• [DATA SECTION]:
= Beginning of Section =

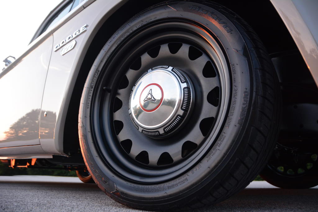 The emblems are the only polished components on the exterior, as the grille and bumpers are painted satin black for a clean look that coincides with the satin black wheels. The artillery-style wheels are from Detroit Steel and measure 18×8 up front and 20×11 out back and wear Nitto Motivo rubber, sized at 245/45ZR18 and 315/35ZR20, respectively. The original-style dog dish caps give the combination a little extra pop, thanks to a polished finish and red pinstriping.
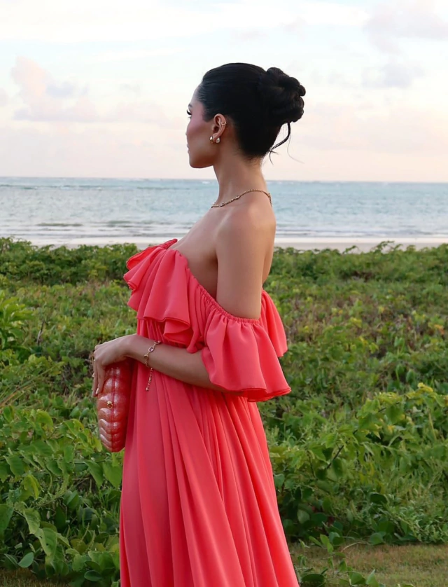 O modelo possui decote ombro a ombro com babado amplo que valoriza o colo e traz movimento à peça.
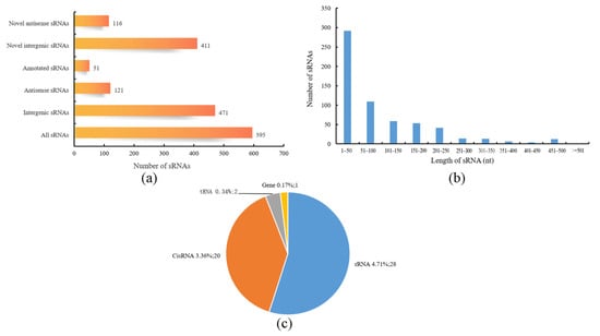 Characteristics of sRNAs. (a) Statistics of cis-acting sRNAs and trans-acting sRNAs; (b) sRNA length distribution; (c) Rfam annotation statistics of sRNAs.

= End of Section =

• [YOUR TASK]:
Exclude the pictures and print the rest of the data exactly.

• [SOLUTION FOR THIS EXERCISE]:
 The emblems are the only polished components on the exterior, as the grille and bumpers are painted satin black for a clean look that coincides with the satin black wheels. The artillery-style wheels are from Detroit Steel and measure 18×8 up front and 20×11 out back and wear Nitto Motivo rubber, sized at 245/45ZR18 and 315/35ZR20, respectively. The original-style dog dish caps give the combination a little extra pop, thanks to a polished finish and red pinstriping.
 O modelo possui decote ombro a ombro com babado amplo que valoriza o colo e traz movimento à peça.
 Characteristics of sRNAs. (a) Statistics of cis-acting sRNAs and trans-acting sRNAs; (b) sRNA length distribution; (c) Rfam annotation statistics of sRNAs.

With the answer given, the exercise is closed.